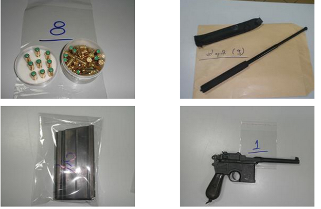 Σε έρευνα που ακολούθησε στο σπίτι του 39χρονου μέλους του σωματείου βρέθηκαν και κατασχέθηκαν ένα πιστόλι απομίμηση, πενήντα αβολίδωτα φυσίγγια, δύο φυσίγγια πυροβόλων όπλων, 23 κάλυκες πυροβόλων όπλων, γεμιστήρας πολεμικού τυφεκίου, πτυσσόμενη μεταλλική ράβδος και δίκοπο μαχαίρι με μήκος λάμας έξι εκατοστών.
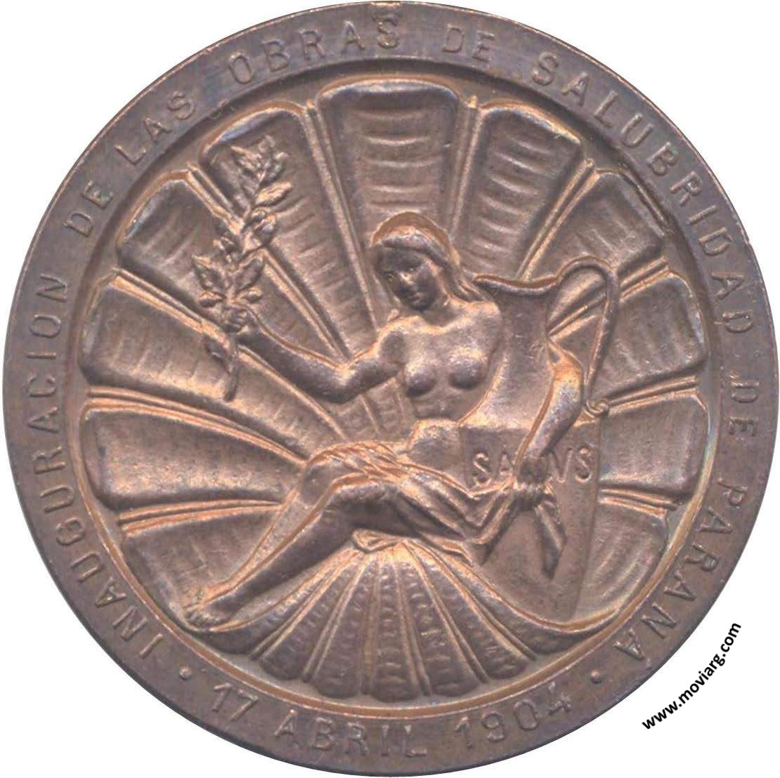 Anverso: INAUGURACION DE LAS OBRAS DE SALUBRIDAD DE PARANA / 17 ABRIL 1904 Reverso: REPUBLICA ARGENTINA / PRESIDENTE / JULIO A. ROCA / MINISTRO / EMILIO CIVIL / MINISTERIO DE OBRAS PÚBLICAS. Firma: J. GOTTUZZO Referencia: | |
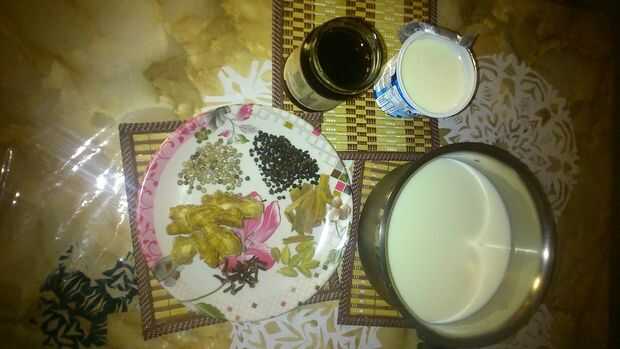 La medicina es preparada a partir de los materiales disponibles de la cocina y jardín. Tenía la albahaca Santa y betal planta en nuestro jardín y usarlo en caso de resfriado y tos.
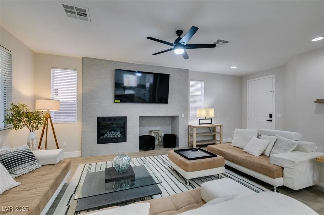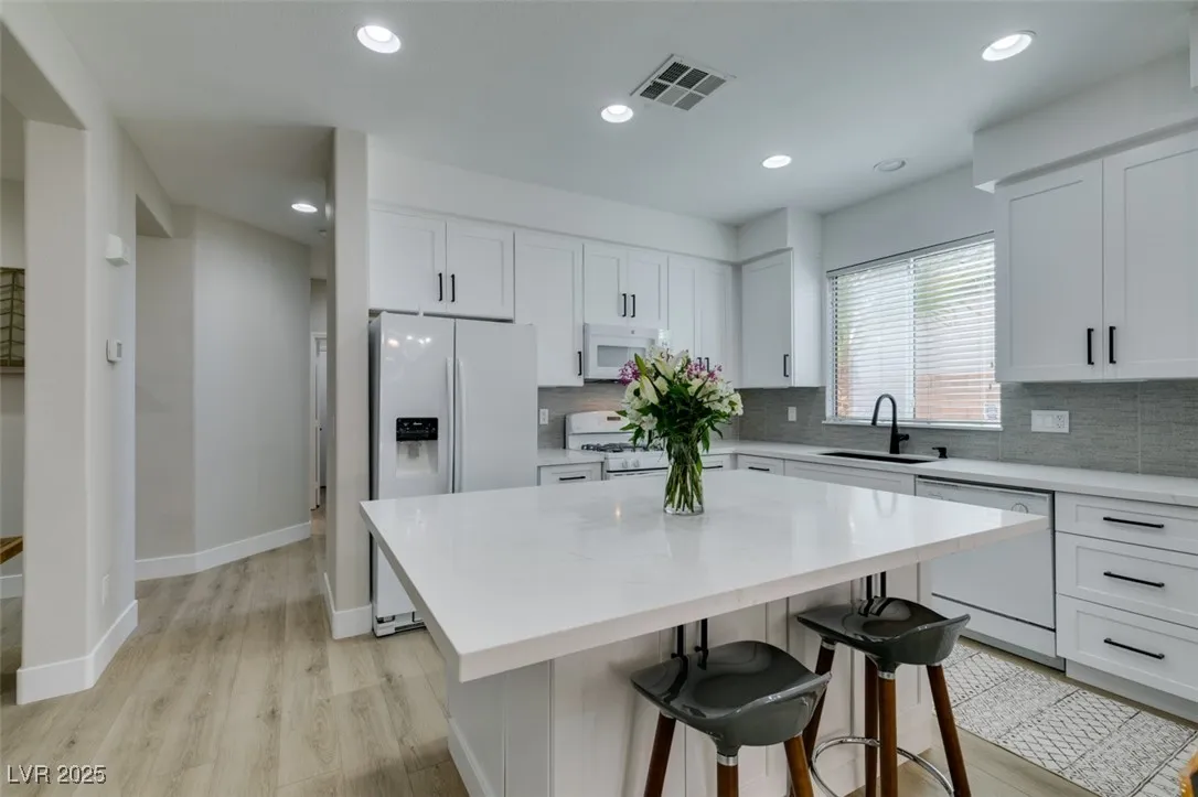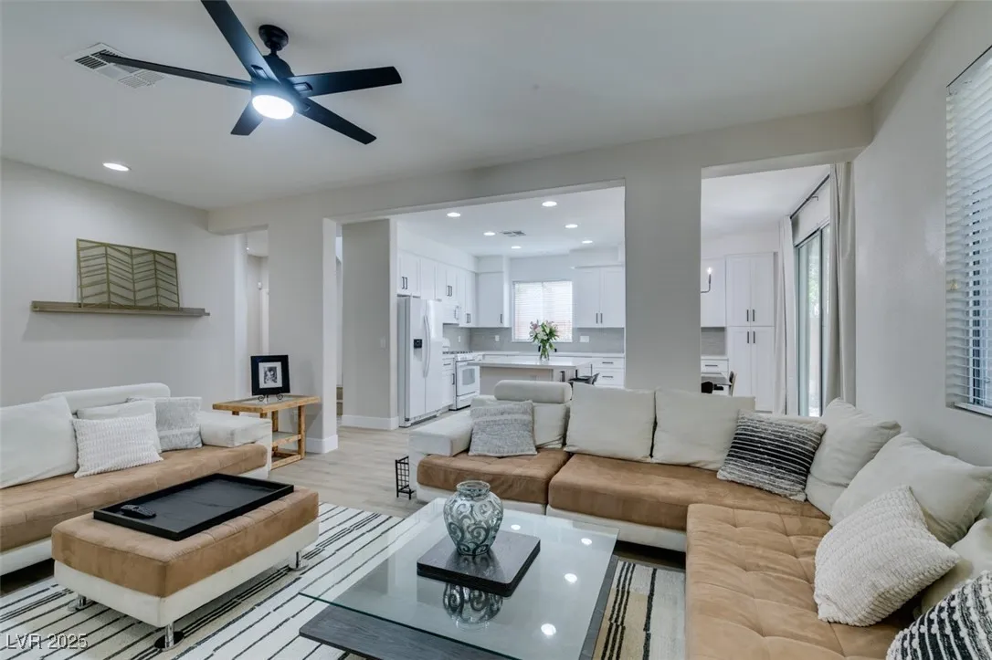 AVAILABLE 5/18/26-8/13/26. FULLY FURNISHED, FULLY RENOVATED HOME! Wide open floor plan with the kitchen/eating area overlooking the great rm! Quartz tops, island breakfast bar, lots of cabinets, all appliances included, ceiling fans/lights thru out, huge great room with fireplace, large primary bedroom, sep shower and tub in the primary bath with walk in closet/mirrored doors, 2 more bed with 1 bath up – ceiling fans/lights AND 1 bed, 3/4 bath downstairs – fan/light, 2-tone paint, luxury vinyl through out/5′ baseboards, laundry with pedestal front loader machines and cabinet, covered patio, garage storage cabinets, courtyard, 2 car garage. Vista ‘s Park around the corner! Costco/shopping, Red Rock Casino and National Park, I215 all close by! King bed, 3 queen beds, x-twin bed, all linens, all kitchen wear, smart TV’s all br and great rm.
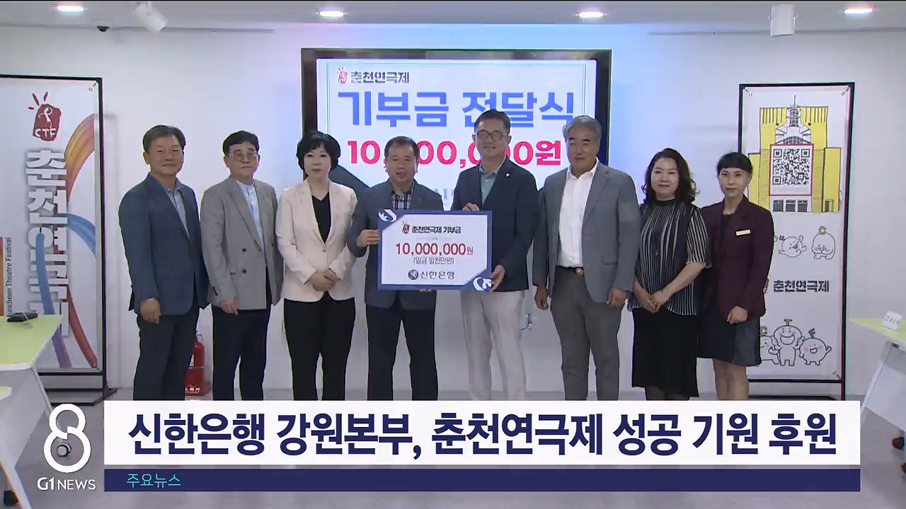 신한은행 강원본부는 오늘(19일) 춘천 봄내극장에서 '2024 춘천연극제' 성공 개최를 위한 후원금 천만 원을 전달했습니다.
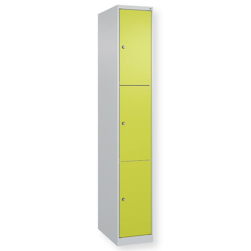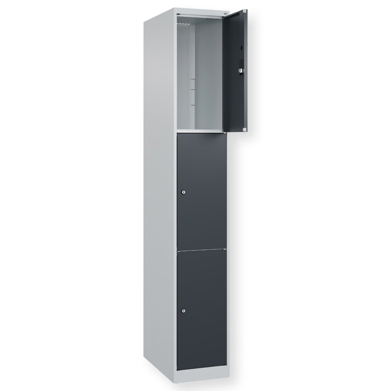 Schliessfachschrank Classic PLUS, 1 Abteil mit 3 Fächern, Abteilbreite 300 mm, Korpus aus stabiler Stahlkonstruktion mit hochwertiger Einbrennbeschichtung für hohe UV- und Korrosionsbeständigkeit, mit Bodengleitern als praktischer Schrank- und Fussbodenschutz, Türöffnungen 110 Grad, Türaufhängung rechts, Stahl-Türen mit Soft-Anschlag und geschlossenen Seitenprofilen für hohe Stabilität, Türaufhängung in stabilen Drehbolzen, 3 Zylinderschlösser mit 2 Schlüsseln, Schliesskreis bis 1000 verschiedene Schliessungen.

※ ※ ※

Leaving out the pictures, print every record exactly as written.

• **Answer space**:
 Σε έρευνα που ακολούθησε στο σπίτι του 39χρονου μέλους του σωματείου βρέθηκαν και κατασχέθηκαν ένα πιστόλι απομίμηση, πενήντα αβολίδωτα φυσίγγια, δύο φυσίγγια πυροβόλων όπλων, 23 κάλυκες πυροβόλων όπλων, γεμιστήρας πολεμικού τυφεκίου, πτυσσόμενη μεταλλική ράβδος και δίκοπο μαχαίρι με μήκος λάμας έξι εκατοστών.
 Anverso: INAUGURACION DE LAS OBRAS DE SALUBRIDAD DE PARANA / 17 ABRIL 1904 Reverso: REPUBLICA ARGENTINA / PRESIDENTE / JULIO A. ROCA / MINISTRO / EMILIO CIVIL / MINISTERIO DE OBRAS PÚBLICAS. Firma: J. GOTTUZZO Referencia: | |
 La medicina es preparada a partir de los materiales disponibles de la cocina y jardín. Tenía la albahaca Santa y betal planta en nuestro jardín y usarlo en caso de resfriado y tos.
 AVAILABLE 5/18/26-8/13/26. FULLY FURNISHED, FULLY RENOVATED HOME! Wide open floor plan with the kitchen/eating area overlooking the great rm! Quartz tops, island breakfast bar, lots of cabinets, all appliances included, ceiling fans/lights thru out, huge great room with fireplace, large primary bedroom, sep shower and tub in the primary bath with walk in closet/mirrored doors, 2 more bed with 1 bath up – ceiling fans/lights AND 1 bed, 3/4 bath downstairs – fan/light, 2-tone paint, luxury vinyl through out/5′ baseboards, laundry with pedestal front loader machines and cabinet, covered patio, garage storage cabinets, courtyard, 2 car garage. Vista ‘s Park around the corner! Costco/shopping, Red Rock Casino and National Park, I215 all close by! King bed, 3 queen beds, x-twin bed, all linens, all kitchen wear, smart TV’s all br and great rm.
 신한은행 강원본부는 오늘(19일) 춘천 봄내극장에서 '2024 춘천연극제' 성공 개최를 위한 후원금 천만 원을 전달했습니다.
 Schliessfachschrank Classic PLUS, 1 Abteil mit 3 Fächern, Abteilbreite 300 mm, Korpus aus stabiler Stahlkonstruktion mit hochwertiger Einbrennbeschichtung für hohe UV- und Korrosionsbeständigkeit, mit Bodengleitern als praktischer Schrank- und Fussbodenschutz, Türöffnungen 110 Grad, Türaufhängung rechts, Stahl-Türen mit Soft-Anschlag und geschlossenen Seitenprofilen für hohe Stabilität, Türaufhängung in stabilen Drehbolzen, 3 Zylinderschlösser mit 2 Schlüsseln, Schliesskreis bis 1000 verschiedene Schliessungen.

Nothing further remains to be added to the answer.